Blade or airfoil designs are normally made in two steps, and the lectures are accordingly grouped into two parts.
In the first part, optimisation of the target pressure and velocity distributions are discussed taking into account the required
performance and the loss mechanisms in the boundary layer. Both direct optimisation resulting from an inverse boundary layer
calculation. and an iterative optimisation by minimisation of the losses are presented. It is clear from both procedures that
inclusion of off-design operation is one of the greatest difficulties involved in blade or airfoil optimisation.
The second part of the course gives an overview of the numerous inverse blade design methods that have been developed both
for turbomachinery and aeronautical applications. This ranges from simple parameter definitions of two-dimensional cross-
sections to the full three-dimensional definition of wings and blade channels. The more academic interest of a detailed
numerical definition of arbitrary shapes conflicts here with the mechanical constraints imposed by the industrial manufacturer.
The methodology to account for a large number of constraints, as required in inverse designs and optimisations, is also
discussed and is illustrated by results from numerous applications discussed in the last group of lectures.

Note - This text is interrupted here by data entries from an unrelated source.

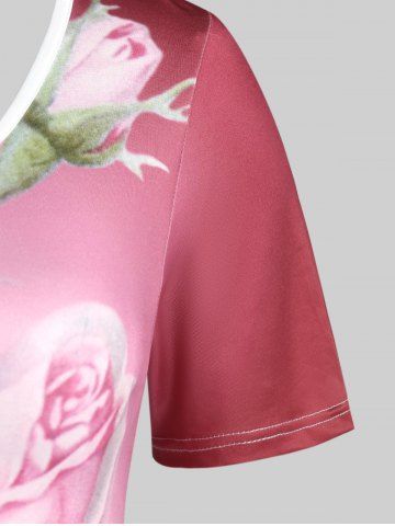 B*****x4Plus Size Rose Print Ombre Color TeeColor: RED Size: L | US 12True to size. Love the pattern and the colour. It is very comfortable to wear and feels good quality.
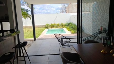 *Equipamiento: Gavetas inferiores y repisas en cocina (madera de pino y caovilla), tanque estacionario de 120lt, boiler eléctrico, Cochera Techada, Mosquitero y Alberca (2.5 x 4.8) con acabado Chukum
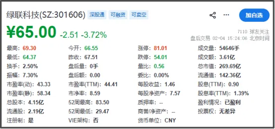 资本市场面上,1月28日,受到AI NAS概念爆发和公司业绩预期向好,绿联科技股价创历史新高,股价一度达到83.5元/股,总市值突破340亿元。此后略有回调,截至2月4日收盘,绿联科技报65元/股,当日下跌3.72%,总市值269.69亿元。近一年公司股价累计上涨约51.69%。

One of the objectives of this short course is to exchange views and to promote a discussion between turbomachinery and
aeronautical designers. Most designers are active only in one field of application and are not aware of publications by the other
group. However. boundary layer calculation methods. potential flow and Euler solvers are almost directly applicable to both
single blades and multiple blade rows. It is therefore surprising that this kind of discussion is not more frequent.